▶ **DATA SHOWN**:
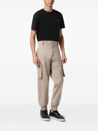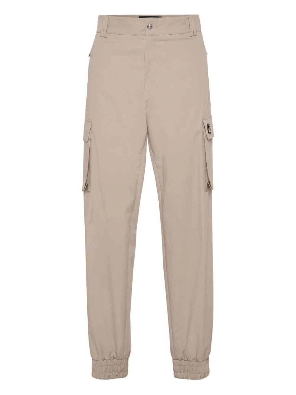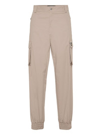 logo-plaque trousers Highlights - Sand beige - Front button fastening - Two side slit pockets - Two side cargo pockets - Elasticated ankles Made in Italy Composition Outer: Cotton 98%, Elastane 2% Lining: Polyester 65%, Cotton 35% Washing instructions Read Manufacturer Guidelines
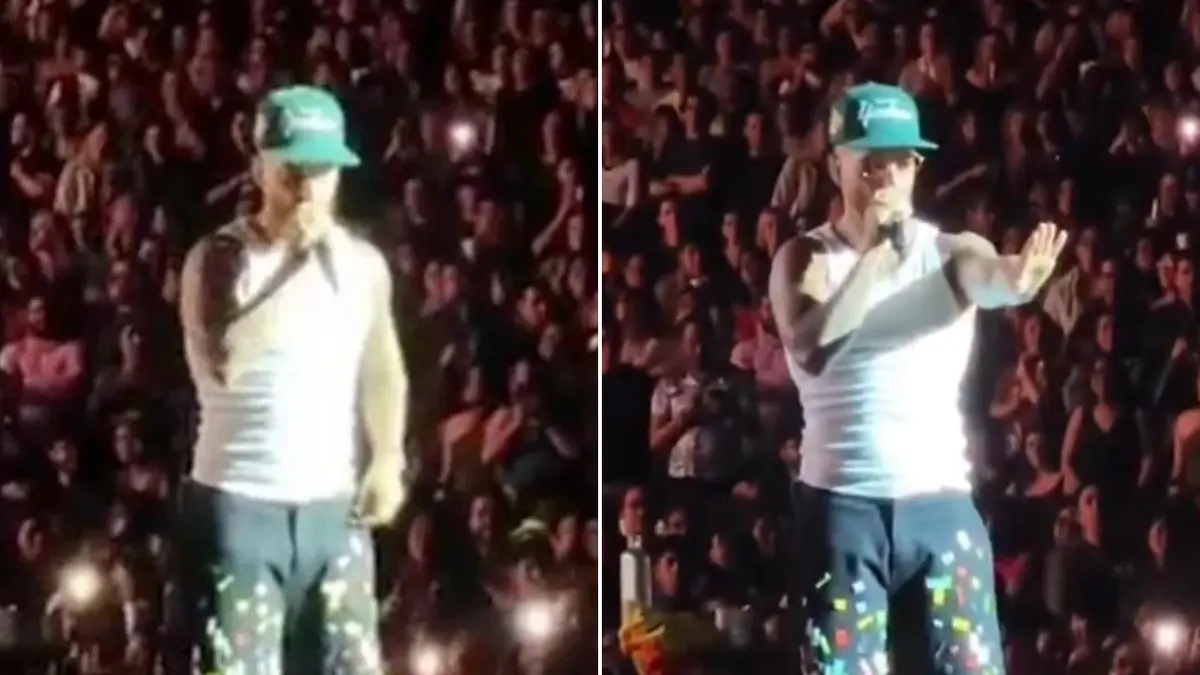 The father-of-one paused his performance and started speaking in Spanish to a woman — presumed to be the baby’s mother — in the crowd as the stadium fell quiet.
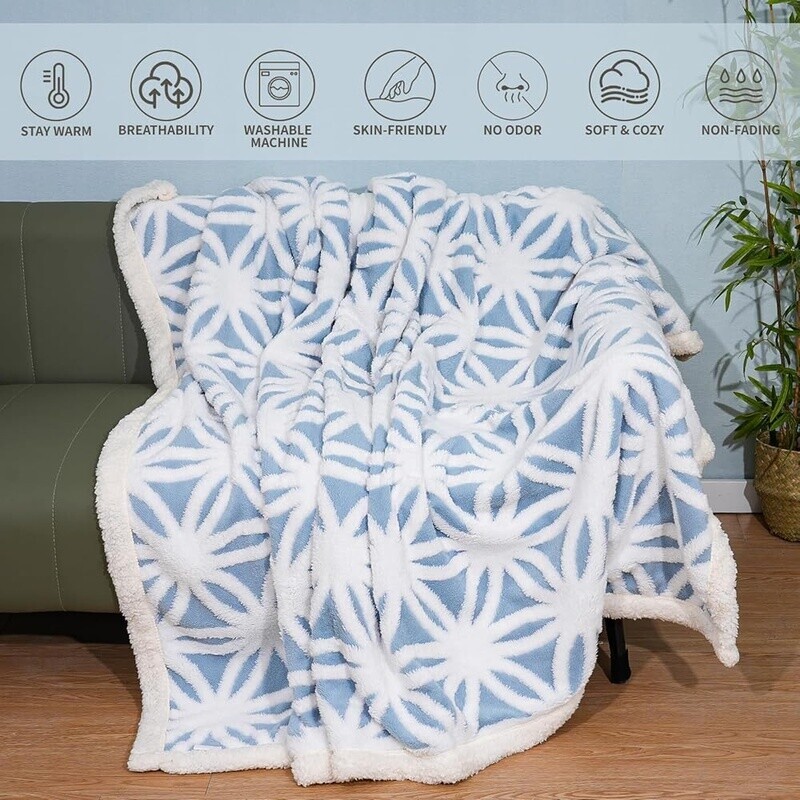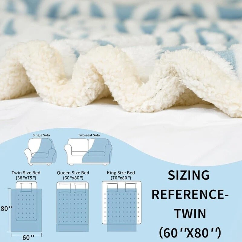 You may also like Step-On Trash Can Lid Lock Slow Close Hands-Free 13G Kitchen Office Home New 52.79 USD 55.57 USD Free shipping 5% off Portable Double Burner Outdoor Gas Stove Propane Cooker Adjustable Hose Patio 68.04 USD 71.62 USD Free shipping 5% off High Protein Dry Dog Food Lamb Rice Formula Grain Free Kibble All Breeds 8 lb 22.77 USD 23.97 USD Free shipping 5% off 7 inch Nakiri Knife High Carbon Stainless Steel Ultra Sharp Cooking Cleaver Gift 36.36 USD 38.27 USD Free shipping 5% off Pre-Lit Christmas Gift Box Set 3 Piece Sisal Decor Mini Lights Indoor Outdoor US 91.43 USD 96.24 USD Free shipping 5% off Patio Umbrella 6.5Ft Tilt Sunshade Outdoor Market UV Protection Garden Navy Blue 46.92 USD 49.39 USD Free shipping 5% off 40 PCS Food Storage Containers with Lids Airtight Leakproof Meal-Prep Reusable 39.16 USD 41.22 USD Free shipping 5% off 20 In High Velocity Floor Fan Adjustable Tilt Portable Air Circulator Cooling 88.63 USD 93.29 USD Free shipping 5% off Wooden Coat Hooks Wall Mounted Organizer Heavy Duty Rustic Wall Hangers 4 Pack 23.76 USD 25.01 USD Free shipping 5% off 9" Wall Mounted Makeup Mirror W/ 1X/7X Magnifying 360 Degree Rotating Dual Sided 31.77 USD 33.44 USD Free shipping 5% off Self Watering Hanging Planters 10 Inch 2 Pack Indoor Outdoor Pots W/ Drainage US 37.75 USD 39.74 USD Free shipping 5% off Low Profile Car Ramps 2-Pack 3" Lift 6600 lbs Capacity TR Maintenance Ramps New 80.37 USD 84.6 USD Free shipping 5% off SUPERIOR MATERIALS & WORKMANSHIP throw blankets are produced from premium wool and have a super soft,comfy and fluffy feel to the touch,making them the perfect cozy blanket for the couch or bed. Our strict workmanship requirements are the result of our rigor seriousness about our products. Tightly knit stitched and double fleece rolled edges make the blankets have been pulled and tested many times to ensure that they are not easy to shed,pill,or tie knot. DESIGN AND PACKAGING-Our Blankets are made of pure natural fleece fur which is more skin-friendly and breathable,giant sherpa fleece on the reverse. This thick blanket not only provides warmth,but also enhances your home decor. Our textured blankets are wrapped in bow ribbon decorative and vacuum-packed,simply place the blanket in a ventilated area for about a while to regain its thickness. AS GIFTS AND APPLICATION SCENARIOS-These bed throws are surfaced with classic floral checkered pattern,that serves as a beautiful decorative to any room,add a touch elegance to your living,Whether lounging on the couch,watching TV or life in the living room with the family,sleeping and reading in the bedroom,using as a bed blanket or office blanket in fall and winter,Or as gifts for friend's birthday,Easter,Mother's Day,Father's Day,Christmas,Thanksgiving,New Year,Valentine's Day and more! BLANKET CARE INSTRUCTIONS-During use,if there is any dirty stuff attached,it can be easily wipe off. Machine washable in cold water,gentle cycle and tumble dry low. Please don't iron at high temperature. We advise washing in a mesh laundry bag,It's best to wash furry blankets and clothes separately,which helps to maintain the durability of the blanket and keep plush and cozy for years. Material: Polyester, Microfiber, Fleece Color: Mi Blue Special Feature: Lightweight, Cozy, Warm, Soft, Breathable Style: Modern You may also like Leatherette Tufted Square Storage Ottoman W/ Hinged Lid 250 Pounds Load Brown US 89.16 USD 93.85 USD Free shipping 5% off Portable Folding Fire Pit 22 In Steel W/ Carrying Bag Screen Tool Wood Burning 81.69 USD 85.99 USD Free shipping 5% off Heavy Duty Shipping Packing Tape 4 Rolls W/ Dispensers Clear Industrial Adhesive 25.17 USD 26.49 USD Free shipping 5% off Musical Piano Keys Electric Kettle 1.7L Rapid Boil BPA-Free Auto Shut-Off New 46.92 USD 49.39 USD Free shipping 5% off Square Towel Ring Holder Wall Mounted Champagne Bronze Bath Bathroom Accessories 50.6 USD 53.26 USD Free shipping 5% off Biometric Fingerprint Safe Box Durable Alloy Steel 0.5 Cub Capacity Alarm System 58.65 USD 61.74 USD Free shipping 5% off Adjustable Weight Bench Multi-Purpose Foldable Incline Decline 500lb Capacity US 134.28 USD 141.35 USD Free shipping 5% off Single Serve Iced Coffee Maker Hot Cold Compatible K-Cup Pod Fast Clean Gray New 116.14 USD 122.25 USD Free shipping 5% off 500FT Bluetooth Wireless Meat Thermometer Digital Probe Food Cooking Thermometer 58.65 USD 61.74 USD Free shipping 5% off Bunk Beds Window Perch for Dogs Bedside Lounge Hand Wash Non-slip Storage Wood 167.86 USD 176.69 USD Free shipping 5% off 20-Piece Flatware Set Stainless Steel Service 4 Dishwasher Safe Dining Utensils 31.8 USD 33.47 USD Free shipping 5% off Stainless Steel 12-Cup Thermal Coffee Maker Programmable Brew Strength Control 209.76 USD 220.8 USD Free shipping 5% off
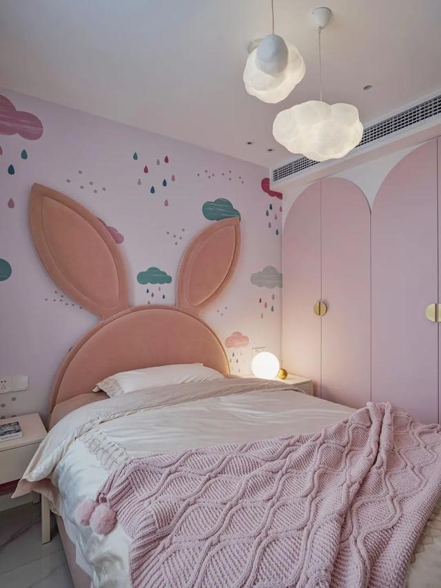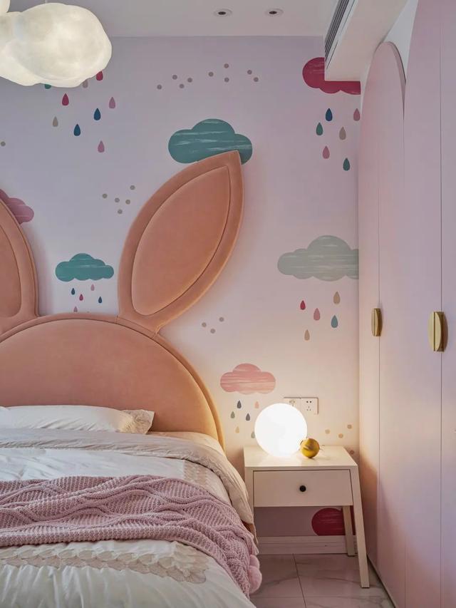 轻盈温暖的儿童卧室,亮丽的粉色,围塑恬静柔美的空间,墙上图画唤起了天真活泼的氛围,将孩子带入了梦幻般的世界。
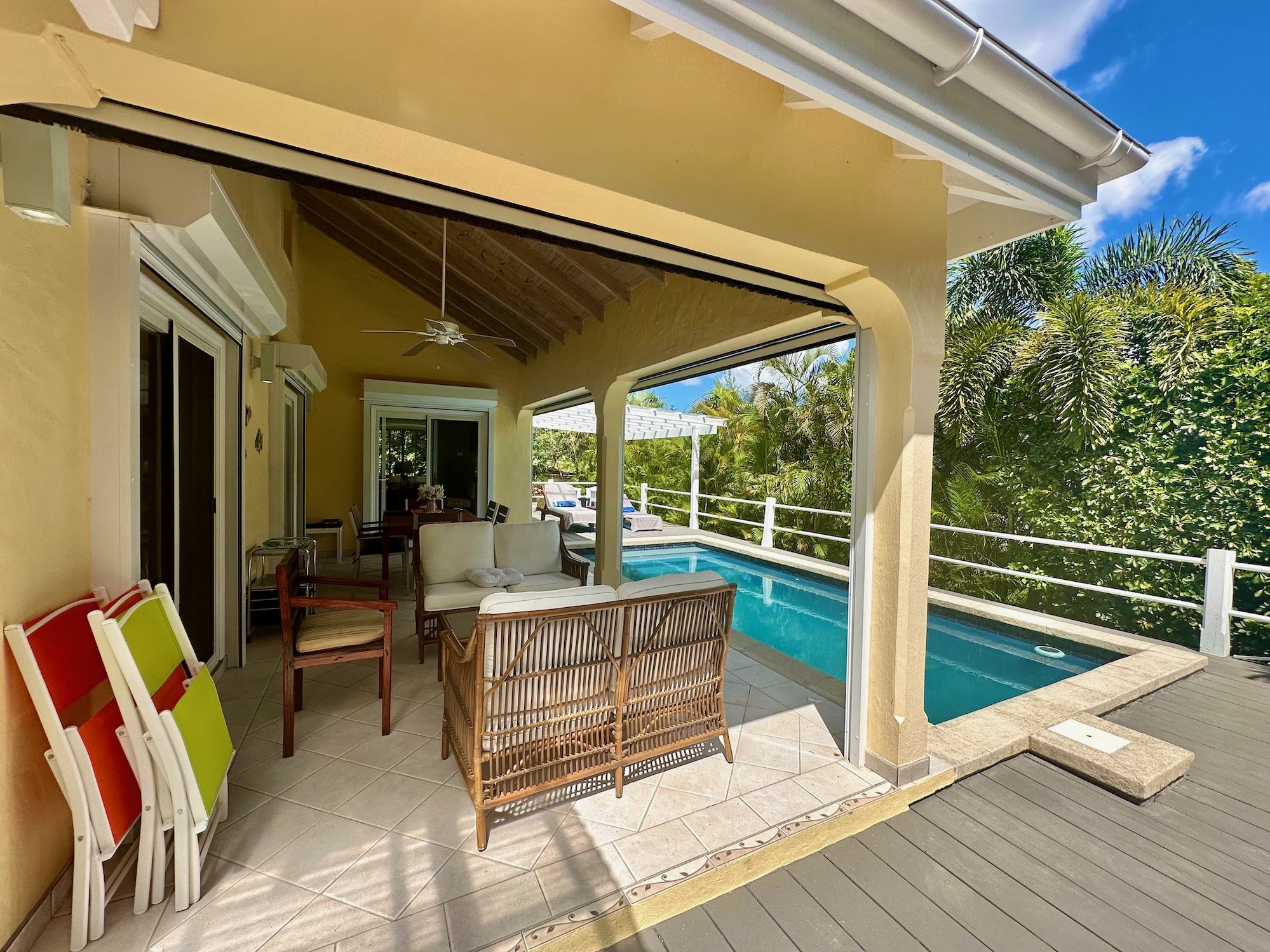 Enjoy the best of Caribbean outdoor living with a large swimming pool, sun deck, and covered lounging and dining areas. Mozi blinds enclose the space for an intimate evening ambiance, ideal for al fresco dining or drinks under the stars.
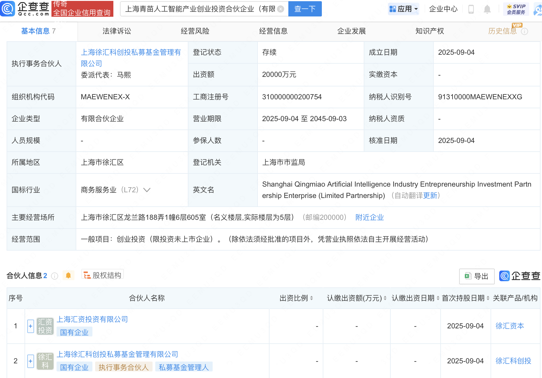 近日,上海青苗人工智能产业创业投资合伙企业(有限合伙)成立,出资额2亿元,经营范围包含:创业投资(限投资未上市企业)。企查查股权穿透显示,该企业由上海汇资投资有限公司等共同出资。
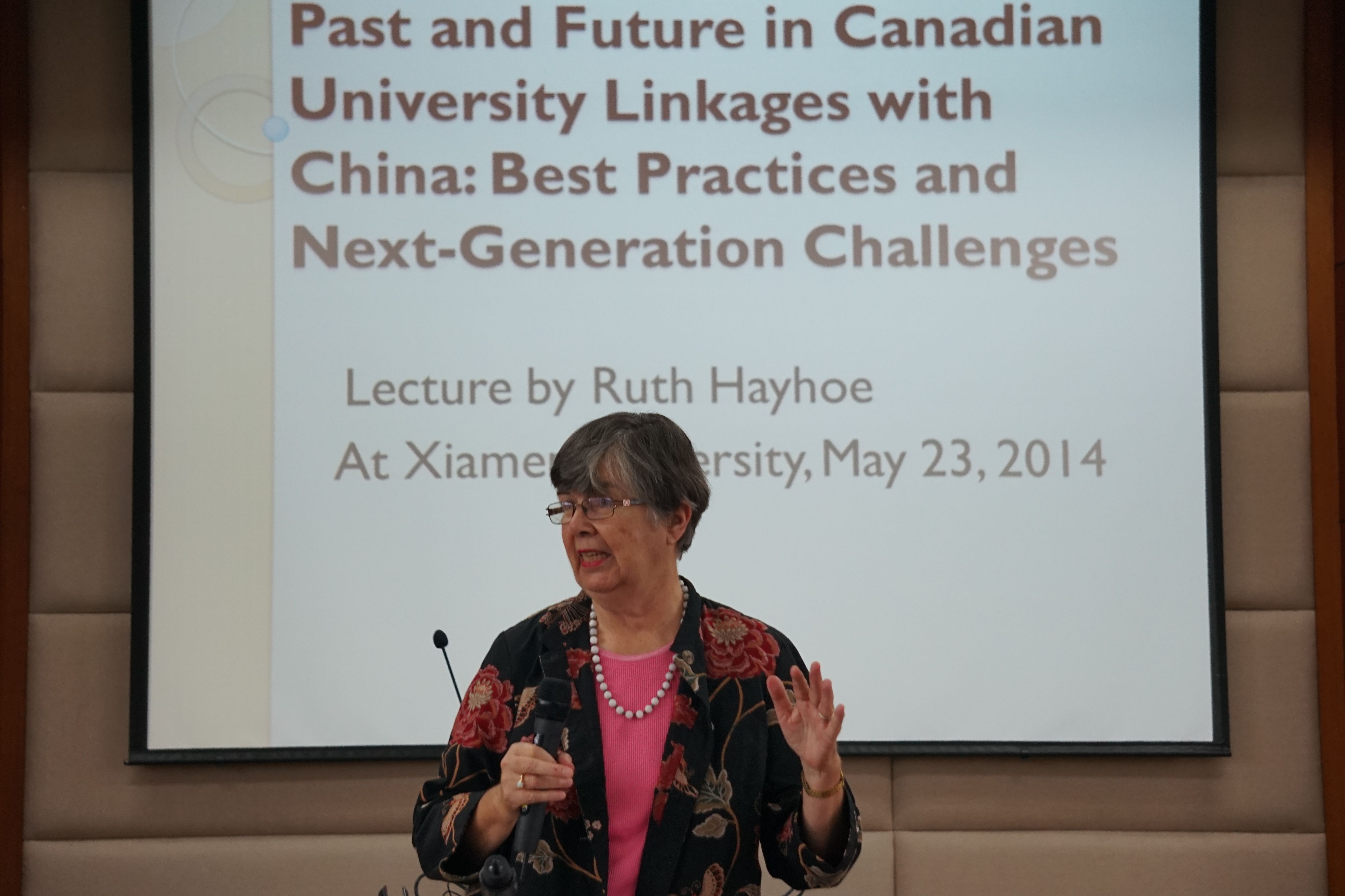 厦门大学中外合作办学研究中心国际顾问委员会委员、加拿大驻华使馆原教育参赞、世界比较教育与国际教育学会原理事长、加拿大多伦多大学安大略教育研究院教授Ruth Hayhoe在厦门大学为中外合作办学博士生开设专题讲座

▶ **AIM OF THE EXERCISE**:
Set down word for word, from the line that contains "Enjoy the best" to the end of the listing above, every line and no picture.

▶ **RESULT OF THE EXERCISE**:
 Enjoy the best of Caribbean outdoor living with a large swimming pool, sun deck, and covered lounging and dining areas. Mozi blinds enclose the space for an intimate evening ambiance, ideal for al fresco dining or drinks under the stars.
 近日,上海青苗人工智能产业创业投资合伙企业(有限合伙)成立,出资额2亿元,经营范围包含:创业投资(限投资未上市企业)。企查查股权穿透显示,该企业由上海汇资投资有限公司等共同出资。
 厦门大学中外合作办学研究中心国际顾问委员会委员、加拿大驻华使馆原教育参赞、世界比较教育与国际教育学会原理事长、加拿大多伦多大学安大略教育研究院教授Ruth Hayhoe在厦门大学为中外合作办学博士生开设专题讲座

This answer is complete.